Can feats be "turned off" if they don't say "may"? (Moonlight Summons and Shield Slam)


Rules Questions


4 people marked this as FAQ candidate.

Can feats be turned off if they do not have "may" or similar conditional language in the text? Or are there feats that are always on, even if there are circumstances when you may want to have them deactivated?

Example: Moonlight Summons

spoiler:
Creatures you summon shed light as a light spell. They are immune to confusion and sleep effects, and their natural weapons are treated as silver for the purposes of overcoming damage reduction.

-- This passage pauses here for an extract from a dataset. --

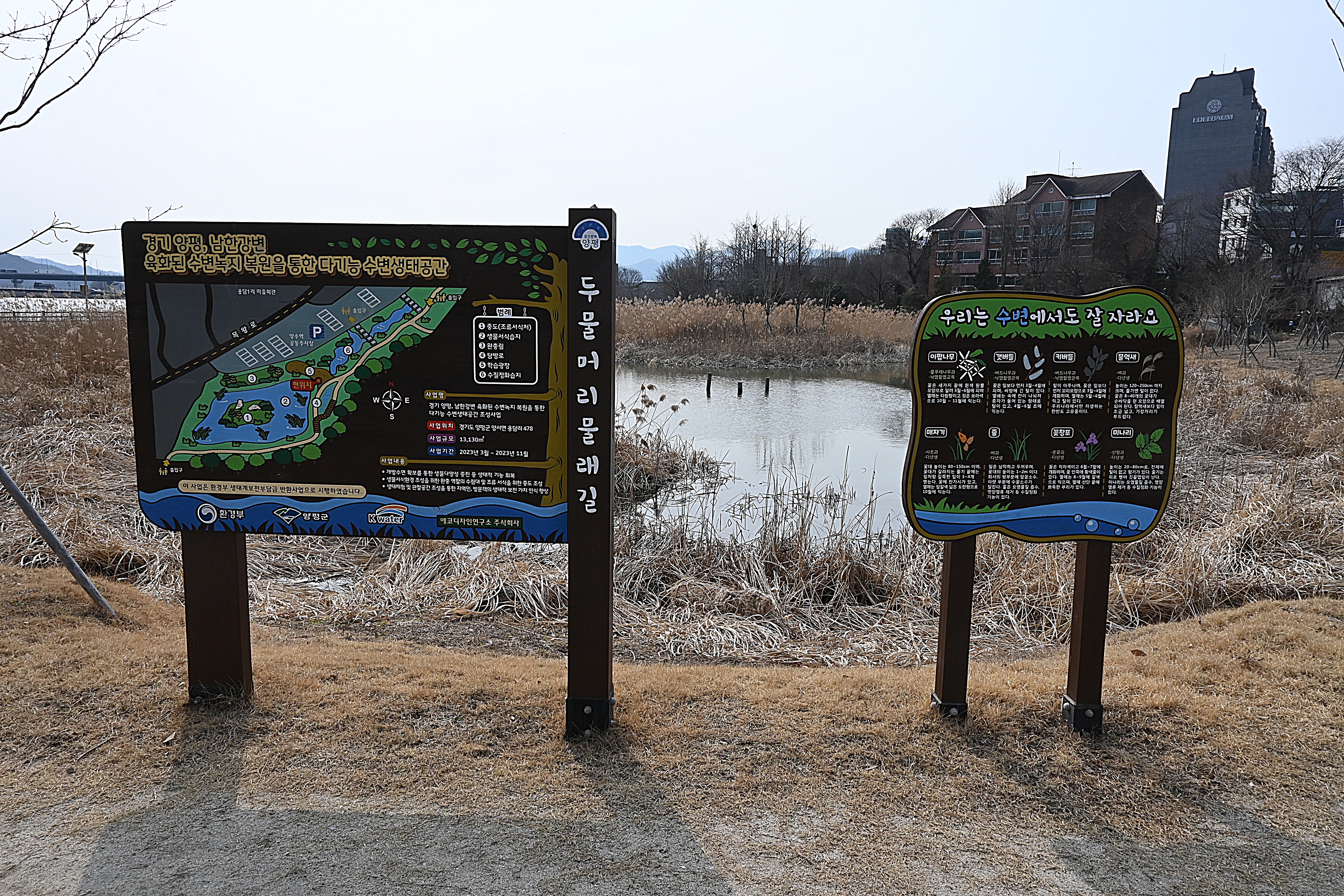 경기 양평, 남한강변, 육화된 수변녹지 복원을 통한 다긴믕 수변생태공간
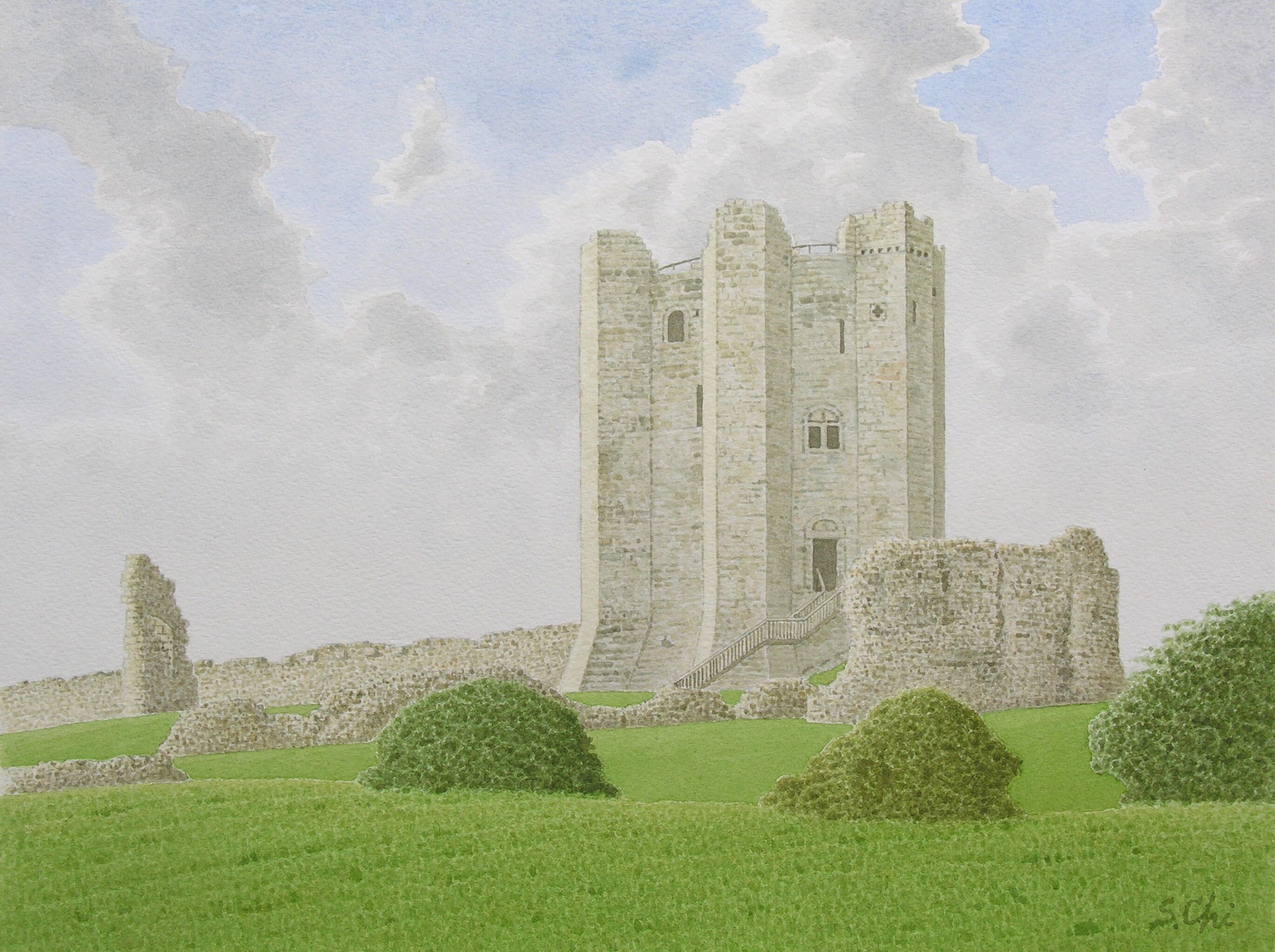 城には白い石が使われているので、日の光をうけると、白くかがやいて見える。このキープは構造物としての形の美しさがあり、まわりの崩れた城壁やゲイトハウス(門楼)などが目に入らなければ、城というよりも、なにかのモニュメントのようにも見える。

If you don't want your animal to glow, can you turn off the feat?

Example: Shield Slam

spoiler:
Benefit: Any opponents hit by your shield bash are also hit with a free bull rush attack, substituting your attack roll for the combat maneuver check (see Combat). This bull rush does not provoke an attack of opportunity. Opponents who cannot move back due to a wall or other surface are knocked prone after moving the maximum possible distance. You may choose to move with your target if you are able to take a 5-foot step or to spend an action to move this turn.

If you hit an opponent with your shield, can you choose not to make the Bull Rush?


No. "May" effectively means "you have the ability to, if you so choose to". You have no choice to turn it off. Some feats, such as Fey Foundling, have negative effects that you probably want to suppress, but you cannot, since there is no conditional language. This is also true for class features. There are some you can turn on/off, such as Detect Evil, but others which you cannot, such as Aura of Good.

As a GM, however, I'd allow players to forgo abilities that only apply bonuses, but not abilities that apply penalties. For Moonlight Summons, I'd allow them to turn off the entire feat, but not just the light part.


This question was debated on the Know Direction Podcast tonight. It would be great to get a FAQ on it. (I'm not disagreeing with you, My Self)


If it doesn't have a word like "may" or other indication that you can opt out of the feat/power, then you can't.

For example, if you have the Point Blank Shot feat, and meet its requirements, you must apply the +1 to hit and damage.


BardWannabe wrote:
This question was debated on the Know Direction Podcast tonight. It would be great to get a FAQ on it. (I'm not disagreeing with you, My Self)

It's not going to happen. Not when doing so would require looking at feats on a case-by-case basis.


You cannot 'deactivate' a feat, but I am not aware of any rule indicating that you must use a 'useable' feat.

So for example fey foundling has an 'always on' abilities, and a boost to your healing. You don't have to use the boost to your healing, but you can't deactivate the vulnerability.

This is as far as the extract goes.